Добавить в цитаты Настройки чтения

Страница 2 из 9



       -- Увезешь назад в Кын,-- хладнокровно ответила Параха, почесывая одной голой ногой другую.

       Средняго роста, с бойким лицом и высокой грудью, эта Параха была по-деревенски завидная баба. Ветхий, истрепанный сарафанишко из линючаго и гнилого ситца сидел на ней с тем особенным щегольством, как ходят только заводския бабы. Здоровая, загорелая Параха глядела вообще козырем, как все чусовския бабы, побывавшия на сплавах.

       -- Придется, видно, тебе, барин, на душегубке рекой подыматься,-- решил наконец старик:-- вот Параха в лучшем виде предоставит... Предоставишь, Параха?.. Вон и лодки валяются: любую да лучшую выбирай.

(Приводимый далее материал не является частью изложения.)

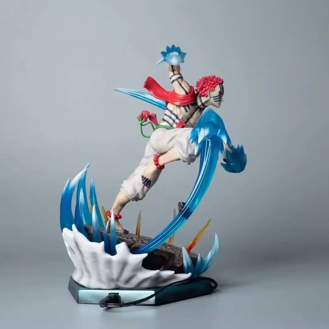Demon Slayer Anime Agatsuma Zenitsu Figure Akaza Hakuji Figurine With Light Gk Statue Model Collection Room Decora Desk Toy Gift
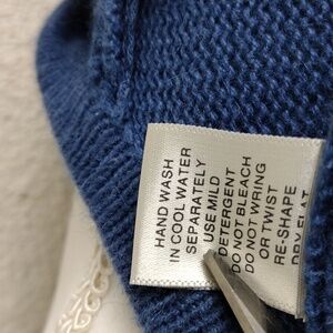 Christopher & Banks Hand Embroidered Vintage Women's Poinsettia Neckline Embroidered Detail Blue Red Scoop Neckline Long Sleeve Seven Button Front Waist Length Cardigan Holiday Sweater. 55% Ramie, 45% Cotton. Light Shoulder Pads. White Seam Detail. Next To Last Button Missing. Measurements approx. Flat Lay. Pit to Pit: 18, Sleeves: 26.5, Length: 24". Size Medium Color May Vary Due To Lighting.
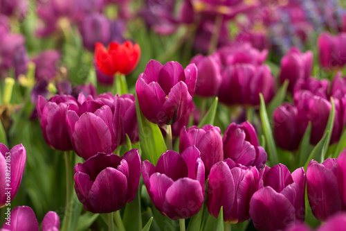 © Anna Babii, Obraz premium Purple tulips fild with one red flower. Spring background.
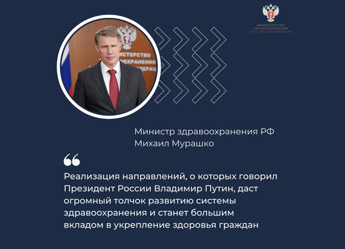 Михаил Мурашко: В послании Федеральному Собранию Президент остановился на ключевых для развития отрасли моментах
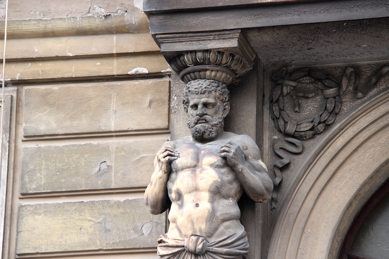 Ajax doing his best to support a decaying building in Pula. Note the blistering stucco, the rot has set in, however Ajax will no doubt withstand the ravages of time.
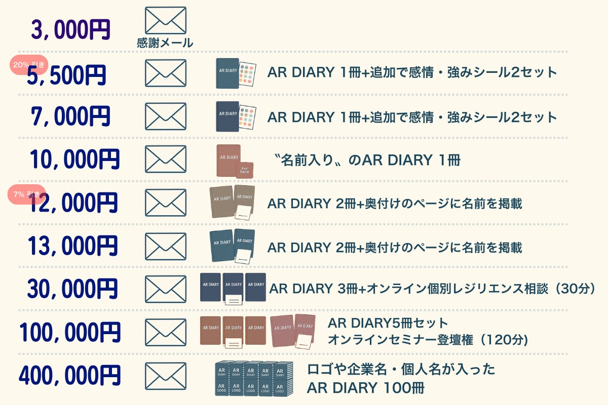 こんな、しなやかマインド手帳 AR DIARYを体験いただけるように各種リターンの方を用意させていただきました。早く購入しただけお得になるプランもご準備をしました。
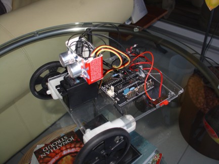 UPDATE: He's  back, and better than ever... the amazing Nick! * the crowd goes wild* I know, I've not been aktive on LMR for a while, had a lot of school-work and stuff, so I had no time. Well anyway, I've moved my robot onto a diffrent chaissis, (the other one broke) and added the servo and Srf005. I'm all done with building, but well, you know.... programing isn't my thing. But I'm giving it my all, and i should be done in... *he types something into a calculator* 17 Years!       -     ...
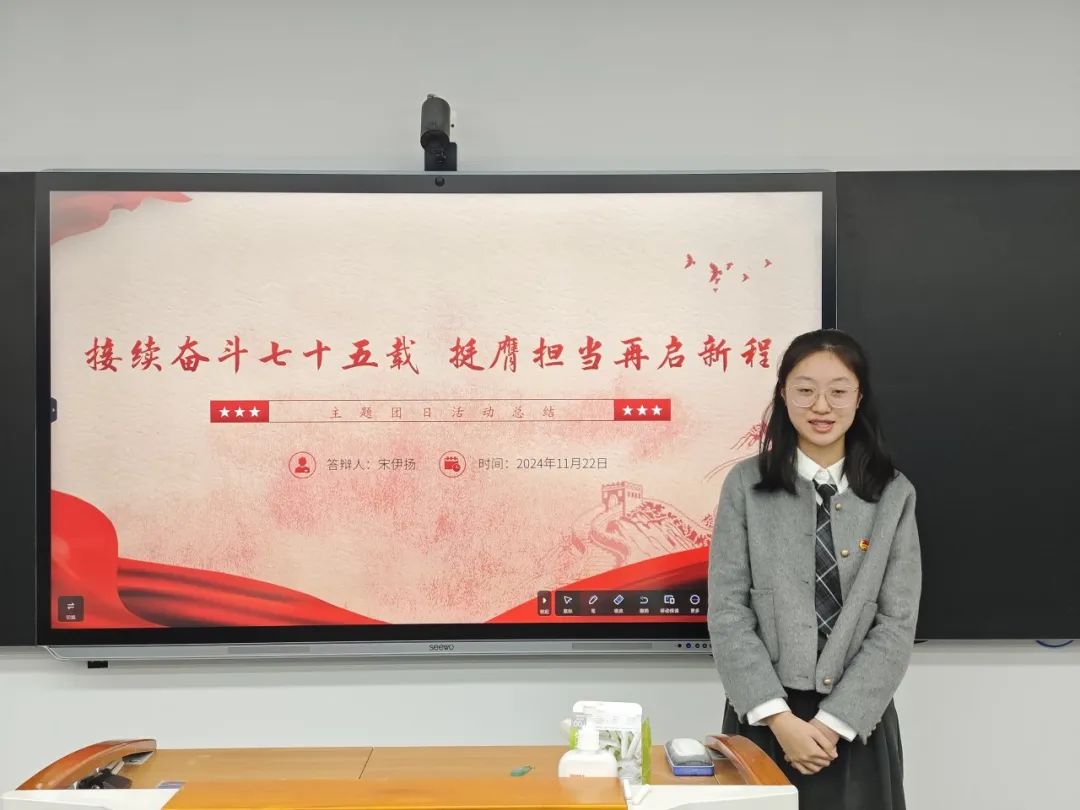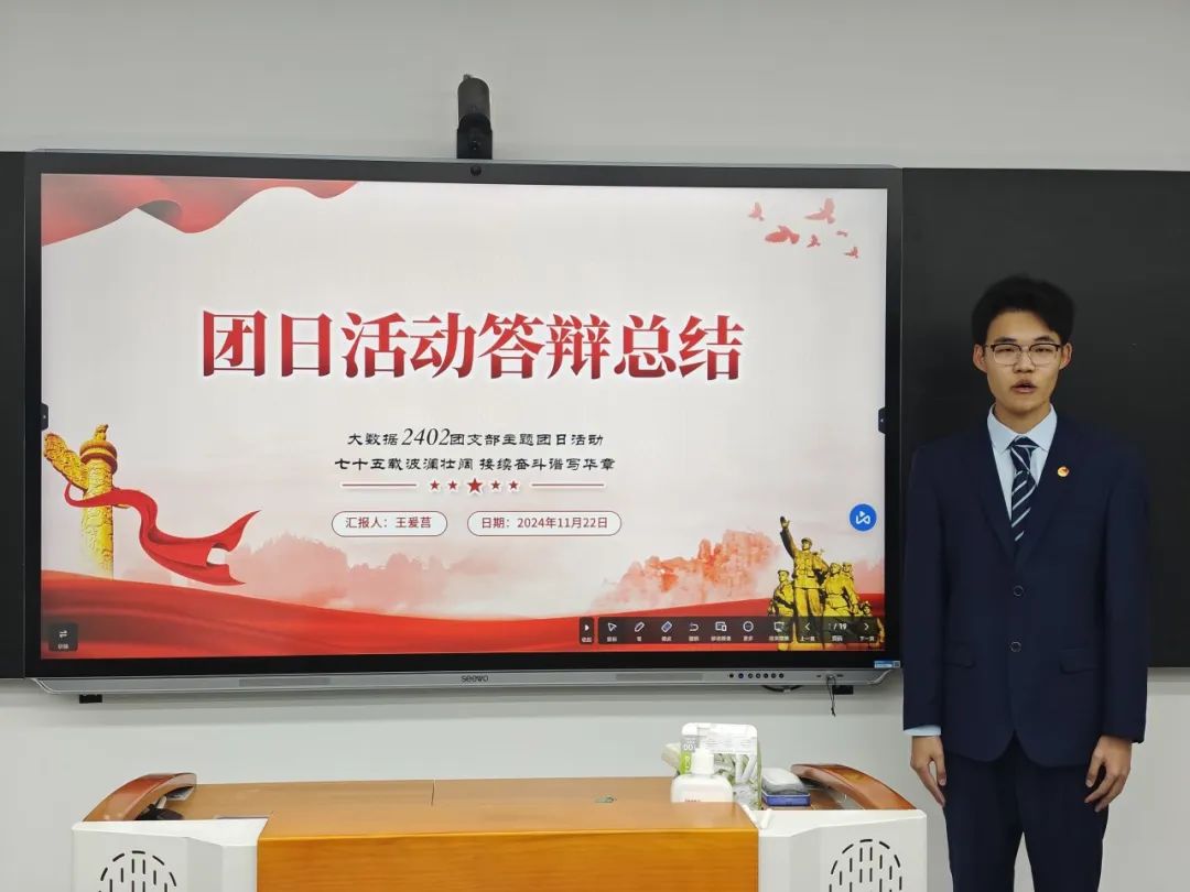 2024年11月22日,统计与信息学院“接续奋斗七十五载,挺膺担当再启新程”主题团日活动答辩会在学思楼SD408教室顺利举行。学院党建主管冯越、团委书记岳怡寒、团委副书记彭鹏、校团委组织部负责人徐欣然、统信学院学生团委副书记吴一凡、学生党建促进中心主任封冰悦以及全体2023级、2024级团支书参加会议,会议由统计与信息学院组织部石蕊婷主持。

       Параха помялась для церемонии, а потом согласилась.

    II.

       Наши сборы были недолгие. Параха сбегала в избу захватить пониток и краюшку хлеба, наказала что-то семилетней босоногой девчонке, потом перемолвилась чрез окошко с больной старухой -- и все тут. Было часов около десяти утра, и в воздухе чувствовался наливавшийся летний зной. Наши лошади стояли, понурив головы, и тяжело отмахивались грязными хвостами от жужжавших слепней. Мы спустились под гору, к реке, где на берегу валялось до десятка лодок-однодеревок, известных под названием душегубок. Название самое подходящее, потему что, когда я поместился в одну из таких скорлуп, а за мной стала Параха с легким шестиком в руках, борта лодки отделялись от воды всего каким-нибудь вершком запаса.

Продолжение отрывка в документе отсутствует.